Ryan Holiday became American Apparel's marketing director at 21 - wifarley
http://hackthesystem.com/blog/hack-the-system-podcast-how-ryan-holiday-hacked-the-media-at-american-apparel/

======
wifarley
<http://www.ryanholiday.net/about/> "Ryan Holiday is a media strategist for
notorious clients like Tucker Max and Dov Charney. After dropping out of
college at 19 to apprentice under the strategist Robert Greene, he went on to
advise many bestselling authors and multi-platinum musicians. He is the
Director of Marketing at American Apparel, where his work in advertising was
internationally known. His strategies are used as case studies by Twitter,
YouTube and Google and have been written about in AdAge, the New York Times,
Gawker and Fast Company. His first book, Trust Me I’m Lying: Confessions of a
Media Manipulator, was a Wall Street Journal bestseller"

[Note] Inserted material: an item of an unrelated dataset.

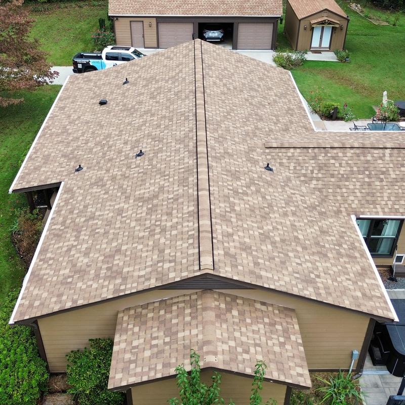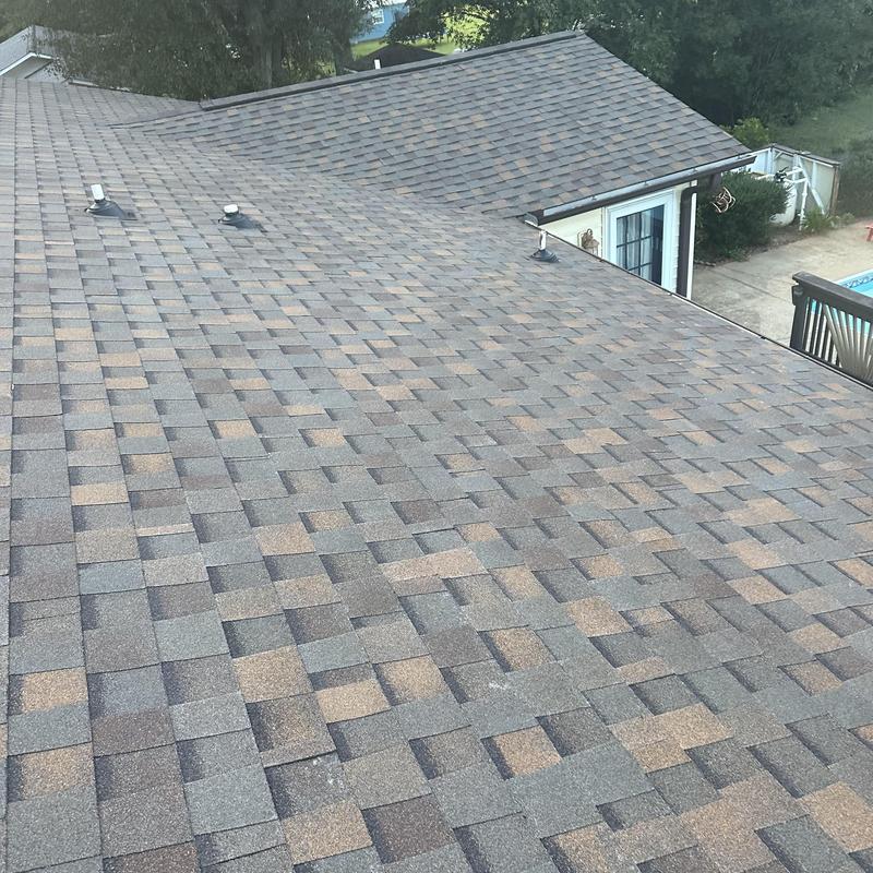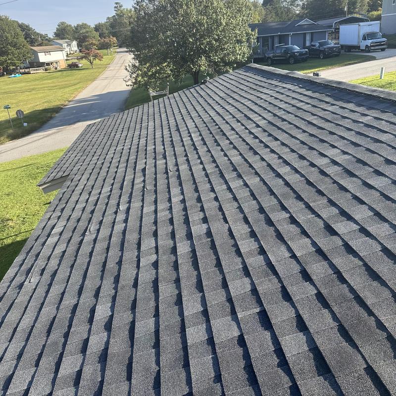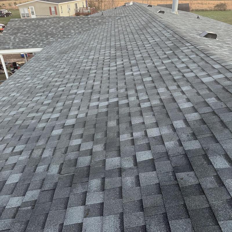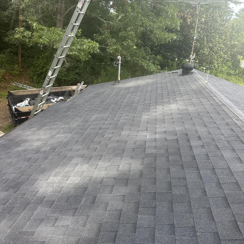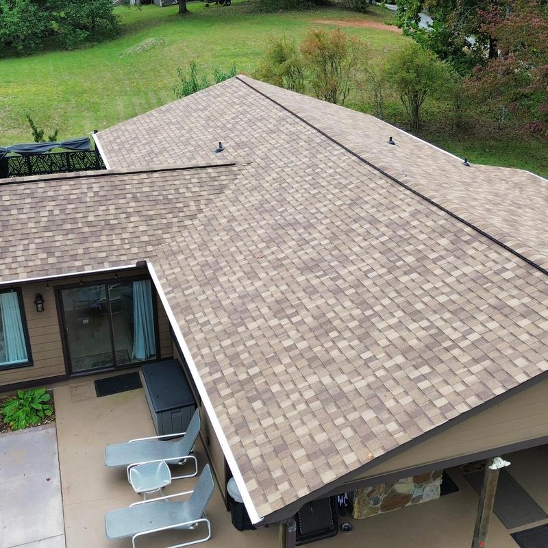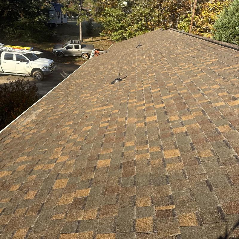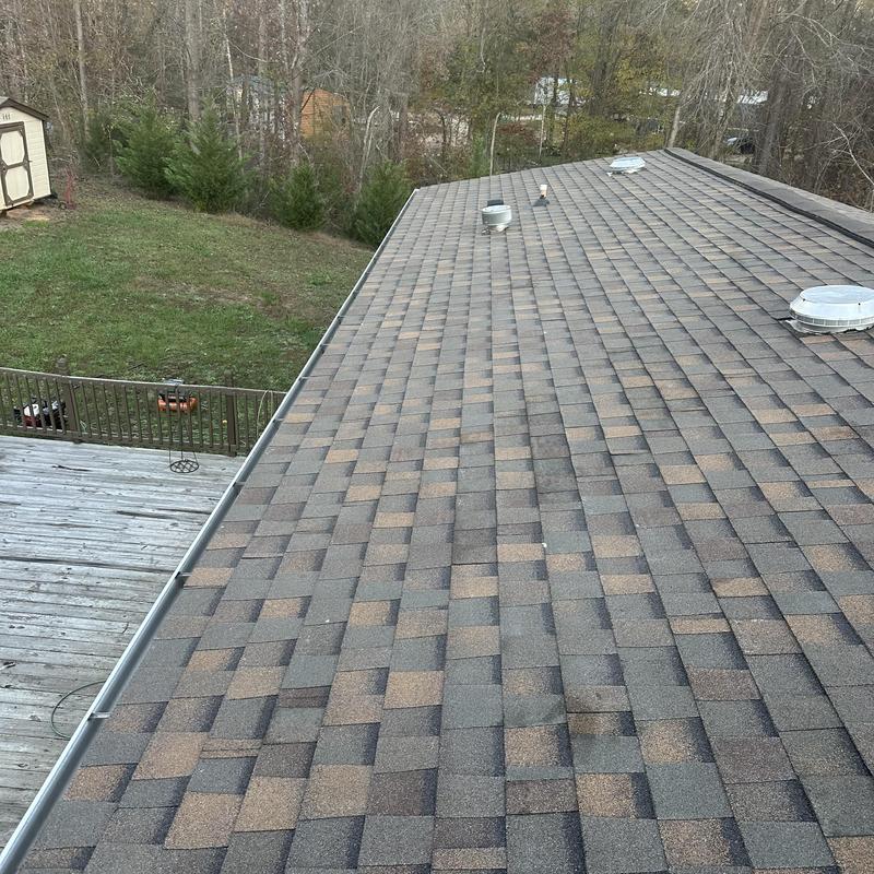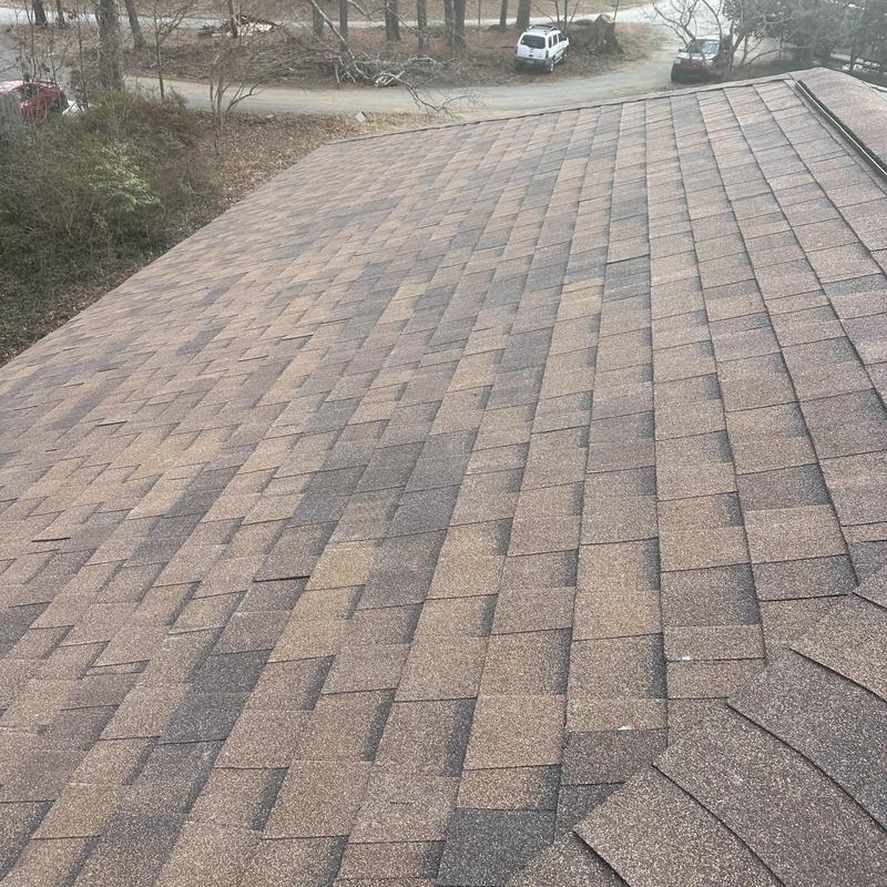 Consumer First Roofing completed a full roof replacement in Greenville, South Carolina. The team installed 30-year architectural shingles after the roof sustained damage from Hurricane Helene. Insurance covered the replacement cost following an inspection.

Books from his reading list are very interesting:
<http://www.ryanholiday.net/reading-list/>

On why I posted this interview: I've been influenced by Ryan's work over the
last 4 years. His writing is usually very thought provoking and honest despite
the name of his book. I have noticed similarities between topics discussed in
this community and Ryan Holidays writing. I think that if HN readers research
Ryan a little, they will be interested in what they find. His influence on
articles written by massive media outlets becomes increasingly apparent as you
read into his work.

One of the best things I've taken from Ryan's work is how to identify Media
Manipulation and devalue content that has been affected by it accordingly.

Ironic right?

[http://www.youtube.com/watch?v=s4a0Vrk4ZEw&feature=youtu...](http://www.youtube.com/watch?v=s4a0Vrk4ZEw&feature=youtu.be)
Funny interview with the creator of HARO (Help a Reporter Out) and Ryan. To
promote and validate his book, Ryan manipulated the service HARO into
providing news outlets with completely false information that they published
[http://www.forbes.com/sites/davidthier/2012/07/18/how-
this-g...](http://www.forbes.com/sites/davidthier/2012/07/18/how-this-guy-
lied-his-way-into-msnbc-abc-news-the-new-york-times-and-more/)